SELECT setseed(0.42); -- Setting the random number seed
    
SELECT titleType, startYear,
CASE WHEN startYear < '1950' THEN 'old'
     WHEN startYear < '2000' THEN 'mid-aged'
     ELSE 'new'
     END AS movie_age
FROM Title
ORDER BY RANDOM()
LIMIT 10;
Out[15]:
titleType startYear movie_age
tvMovie 2012 new
movie 2023 new
movie 2009 new
tvMovie 2016 new
movie 1929 old
movie 2016 new
movie None new
tvMovie 1999 mid-aged
tvMovie 2019 new
movie None new
ResultSet : to convert to pandas, call .DataFrame() or to polars, call .PolarsDataFrame()





Joining Tables¶

We combine data from multiple tables by performing a join. We will explore joins using the cats database, which includes two tables: s and t.

In [16]:
%%sql basic
SELECT * FROM s;
Out[16]:
id name
0 Apricot
1 Boots
2 Cally
4 Eugene
ResultSet : to convert to pandas, call .DataFrame() or to polars, call .PolarsDataFrame()
In [17]:
%%sql basic
SELECT * FROM t;
Out[17]:
id breed
1 persian
2 ragdoll
4 bengal
5 persian
ResultSet : to convert to pandas, call .DataFrame() or to polars, call .PolarsDataFrame()

Inner Join¶

In [18]:
%%sql basic
SELECT s.id, name, breed
FROM s INNER JOIN t ON s.id = t.id;
Out[18]:
id name breed
1 Boots persian
2 Cally ragdoll
4 Eugene bengal
ResultSet : to convert to pandas, call .DataFrame() or to polars, call .PolarsDataFrame()

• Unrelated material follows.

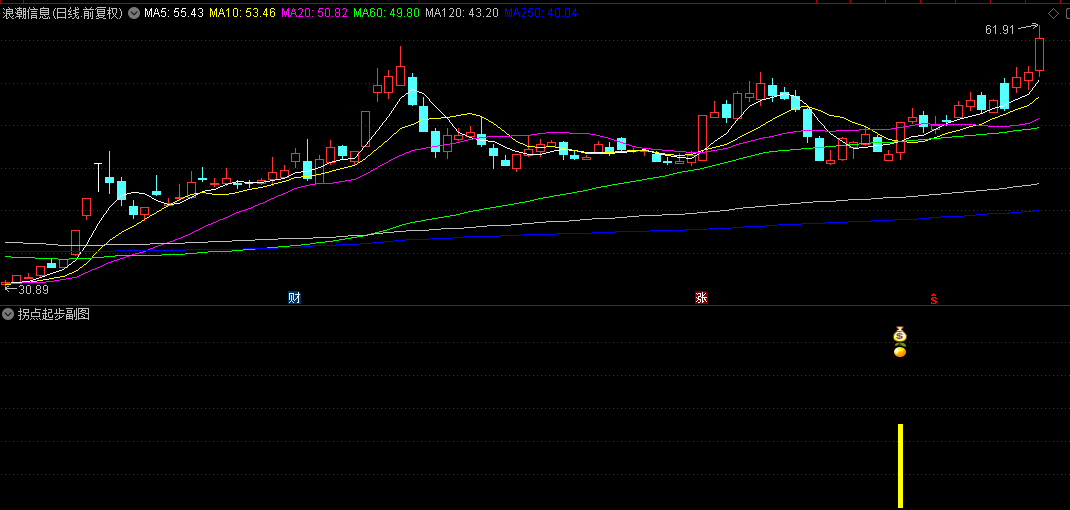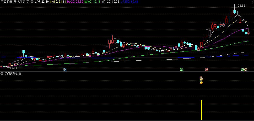 精选【拐点起步】副图+选股指标,通过指数移动平均线变化,识别潜在的趋势转折点!

By default, JOINing without specifying a join type will default to an inner join.

In [19]:
%%sql basic
SELECT s.id, name, breed
FROM s JOIN t ON s.id = t.id;
Out[19]:
id name breed
1 Boots persian
2 Cally ragdoll
4 Eugene bengal
ResultSet : to convert to pandas, call .DataFrame() or to polars, call .PolarsDataFrame()

Cross Join¶

In [20]:
%%sql basic
SELECT *
FROM s CROSS JOIN t;
Out[20]:
id name id_1 breed
0 Apricot 1 persian
0 Apricot 2 ragdoll
0 Apricot 4 bengal
0 Apricot 5 persian
1 Boots 1 persian
1 Boots 2 ragdoll
1 Boots 4 bengal
1 Boots 5 persian
2 Cally 1 persian
2 Cally 2 ragdoll
2 Cally 4 bengal
2 Cally 5 persian
4 Eugene 1 persian
4 Eugene 2 ragdoll
4 Eugene 4 bengal
4 Eugene 5 persian
ResultSet : to convert to pandas, call .DataFrame() or to polars, call .PolarsDataFrame()

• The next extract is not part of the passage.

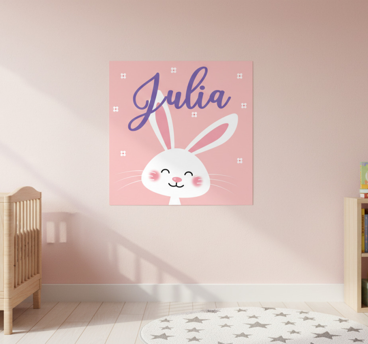 Poster dormitorio infantil conejito blanco con nombre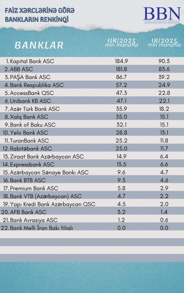 Banklar və Biznes nəşri BBN.az maliyyə göstəricilərini Azərbaycan Banklar Assosiasiyasına (ABA) təqdim etmiş bankların faiz xərclərinə görə renkinqini təqdim edir.

Equivalently, a cross join can be performed using the following syntax:

In [21]:
%%sql basic
SELECT *
FROM s, t
Out[21]:
id name id_1 breed
0 Apricot 1 persian
0 Apricot 2 ragdoll
0 Apricot 4 bengal
0 Apricot 5 persian
1 Boots 1 persian
1 Boots 2 ragdoll
1 Boots 4 bengal
1 Boots 5 persian
2 Cally 1 persian
2 Cally 2 ragdoll
2 Cally 4 bengal
2 Cally 5 persian
4 Eugene 1 persian
4 Eugene 2 ragdoll
4 Eugene 4 bengal
4 Eugene 5 persian
ResultSet : to convert to pandas, call .DataFrame() or to polars, call .PolarsDataFrame()

Conceptually, an inner join is equivalent to a cross join where irrelevant rows are removed.

In [22]:
%%sql basic
    
SELECT *
FROM s CROSS JOIN t
WHERE s.id = t.id;
Out[22]:
id name id_1 breed
1 Boots 1 persian
2 Cally 2 ragdoll
4 Eugene 4 bengal
ResultSet : to convert to pandas, call .DataFrame() or to polars, call .PolarsDataFrame()

Left Outer Join¶

In [23]:
%%sql basic
    
SELECT *
FROM s LEFT JOIN t ON s.id = t.id;
Out[23]:
id name id_1 breed
1 Boots 1 persian
2 Cally 2 ragdoll
4 Eugene 4 bengal
0 Apricot None None
ResultSet : to convert to pandas, call .DataFrame() or to polars, call .PolarsDataFrame()

Right Outer Join¶

In [24]:
%%sql basic
    
SELECT *
FROM s RIGHT JOIN t ON s.id = t.id;
Out[24]:
id name id_1 breed
1 Boots 1 persian
2 Cally 2 ragdoll
4 Eugene 4 bengal
None None 5 persian
ResultSet : to convert to pandas, call .DataFrame() or to polars, call .PolarsDataFrame()

Full Outer Join¶

In [25]:
%%sql basic
    
SELECT *
FROM s FULL  JOIN t ON s.id = t.id;
Out[25]:
id name id_1 breed
1 Boots 1 persian
2 Cally 2 ragdoll
4 Eugene 4 bengal
None None 5 persian
0 Apricot None None
ResultSet : to convert to pandas, call .DataFrame() or to polars, call .PolarsDataFrame()

Aliasing in Joins¶

Let's return to the IMDB dataset. Now, we'll consider two tables: Title and Rating.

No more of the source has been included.